Theories of Surplus Value, Part II, Chapter 17 - Part 26

So, what is it about capitalist production that makes such crises inevitable? Quite simply put, it is a question of scale, of the mass production that industrial capitalism with the advent of machine production entails. Under petty commodity production the direct producers continue to produce the large majority of their output for their own consumption, or to be directly exchanged with other such producers, for the particular use values they required. In other words, they produce a set of use values required for their own consumption, and part of their output of these use values constitutes surplus production, for example, they may produce a range of arable crops, but will not require all of their output of these crops for their own consumption. It is only surplus production from this standpoint. But, they will have other use values which they require for their own subsistence. They may require beer – particularly in conditions when fermented drinks were the only safe way of consuming water – and so exchange a part of their surplus production of arable crops for beer, another part for agricultural implements to replace those worn out, and so on. Even when money, therefore, replaces barter as the means for effecting these exchanges, the production of each small producer is geared only to meeting their own immediate needs for consumption, and to reproduce those items of means of production required to achieve it. They will usually even know the other market participants with whom they will exchange these commodities

But, as Marx says, its not as though, even during such times, there were not people who went bankrupt. Indeed, it is the failure of such individuals that leads them to have to become wage labourers, or to succumb to the merchant capitalists under the Putting Out System. The difference is that, when such people go bust, it has no possibility of causing some wider social crisis. The difference with developed capitalist production is that it is also synonymous with the development of commercial and bank credit. A failure of one or several large businesses, who then fail to make payments, results in what Marx calls a crisis of the second form, whereby there is a cascade of payments failures. 
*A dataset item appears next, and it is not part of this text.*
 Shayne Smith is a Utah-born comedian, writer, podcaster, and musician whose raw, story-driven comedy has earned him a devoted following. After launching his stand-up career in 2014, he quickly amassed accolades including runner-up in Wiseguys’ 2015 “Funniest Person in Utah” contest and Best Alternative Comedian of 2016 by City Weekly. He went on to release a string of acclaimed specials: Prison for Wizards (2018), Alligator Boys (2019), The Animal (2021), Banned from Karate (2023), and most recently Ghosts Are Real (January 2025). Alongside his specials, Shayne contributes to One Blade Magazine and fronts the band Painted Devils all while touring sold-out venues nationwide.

Moreover, even under the earlier forms of capitalist production, of handicraft production and manufacture, prior to large-scale machine production, the expansion of production develops more or less in parallel with the natural increase in population. The consequence is that the market expands at the same pace as production. As soon as machine production begins to dominate, this condition breaks down. As firms produce on an increasingly large scale, in order to gain efficiency and competitive advantage, the separation of production and consumption that arises with all commodity production and exchange takes on a different character, quantity turns into quality. Huge amounts of production are created speculatively, in the expectation of the market expanding to absorb this ever increasing volume of production. But, as soon as this expansion is frustrated, a crisis inevitably sets in. Whether this crisis is simply a partial crisis, restricted to this particular sphere, or whether it is, or turns into, a generalised crisis, depends upon the specific conditions under which it arises. 

So, Marx says, because capitalist producers make the assumption of an expanding market, they operate themselves on the basis of capital accumulation and expanded reproduction
As he says in Capital III, describing this process, in contrast to Ricardo's theory that capitalist farmers will only accumulate on the basis of higher agricultural prices, capital is led by competition to accumulate, whether prices or the rate of profit is rising or not, and if it results in overproduction they blame their competitors not themselves. 
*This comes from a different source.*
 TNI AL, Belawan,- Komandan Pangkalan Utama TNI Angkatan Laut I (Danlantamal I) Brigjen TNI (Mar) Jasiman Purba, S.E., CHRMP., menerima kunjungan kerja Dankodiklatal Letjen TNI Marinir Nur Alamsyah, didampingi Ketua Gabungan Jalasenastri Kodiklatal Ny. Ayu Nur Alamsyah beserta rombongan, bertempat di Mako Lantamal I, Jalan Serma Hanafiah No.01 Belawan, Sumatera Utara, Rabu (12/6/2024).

“Although considerable rise or fall in market-prices affects the volume of production, regardless of it there is in agriculture (just as in all other capitalistically operated lines of production) nevertheless a continuous relative over-production, in itself identical with accumulation, even at those average prices whose level has neither a retarding nor exceptionally stimulating effect on production. Under other modes of production this relative overproduction is effected directly by the population increase, and in colonies by steady immigration. The demand increases constantly, and, in anticipation of this new capital is continually invested in new land, although this varies with the circumstances for different agricultural products. It is the formation of new capitals which in itself brings this about. But so far as the individual capitalist is concerned, he measures the volume of his production by that of his available capital, to the extent that he can still control it himself. His aim is to capture as big a portion as possible of the market. Should there be any over-production, he will not take the blame upon himself, but places it upon his competitors. The individual capitalist may expand his production by appropriating a larger aliquot share of the existing market or by expanding the market itself.”